Being really into anything made you a geek. Showing emotion made you a dork. And hanging out with either of those made you a loser by association.
These were all unspoken rules of course, social conventions I stumbled into and had to figure out as I went along. Typical teenage pecking-order nonsense one might think, and yet years later I am embarrassed to notice that I may never have grown out of it.
I am still trying to be cool. Not so much with the on-trend fashion as you will notice, but clearly those early formed ‘rules’ of cool ran deep.
Cynicism and intellectualism are my go-to responses; critical judgment gets mistaken for intelligence. I distance myself from everything through a layer of thinking. Spending so much time judging and evaluating in my head leaves little room for experiencing life with my heart - which is surely more pleasurable and fulfilling.
People who get really excited about stuff still make me slightly uncomfortable: closing their eyes as they clap along to music, dressing outlandishly (or even slightly out of my conservative norm), having strong convictions or being too enthusiastic. I feel like I could never do that – as much, at times, as I secretly want to, something holds me back.
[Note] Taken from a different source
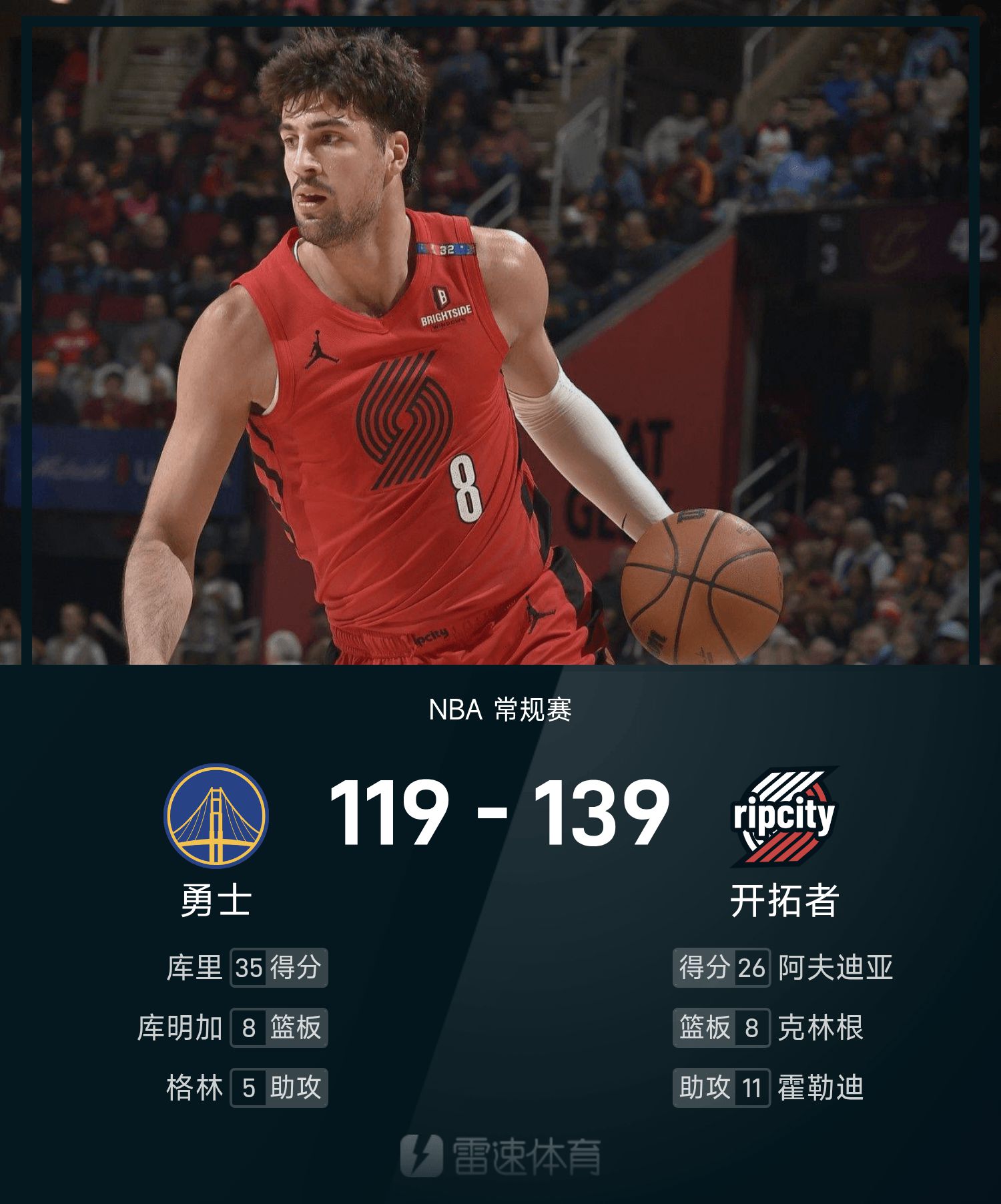 NBA战报:杨瀚森2分1板2帽,开拓者139-119勇士

In theory, I promote embracing our passions, but clearly have a subconscious passion thermostat of my own that clicks off when I get too close to expressing myself beyond my bounds of cool.
And this is the irony of it: I am so verklempt about being ‘uncool’, but it’s me who set the rules of cool and who am I so worried about being uncool in front of?
I realise that nobody is actually paying any attention – they’re off busy dealing with their own limiting beliefs.
It’s only me and my imaginary code that are keeping me trapped in a half-life of distance and disdain, perhaps still somehow trying to protect my vulnerable teenage self from rejection – yet I’m rejecting myself before I even begin.
How much am I missing out on and how much emotional energy am I wasting, worrying about what I think other people might be thinking?
The truth is, Fonzie wasn’t cool because of his outfit or for being superior or distant. There’s a classic scene when he’s on the phone and a gal asks him what makes him think he’s so cool. He simply hangs up the receiver. Moments later, of course, she calls him straight back. “That’s why I think I’m so cool,” he says, coolly.
It’s the very fact that he doesn’t care what other people think. He dresses how he likes, hangs out with the dorky kids he likes, watches The Lone Ranger because he likes it.
Henry Winkler himself once said in an interview, “I think, after all these years, that is how I define cool. It is being authentic. That is powerful.”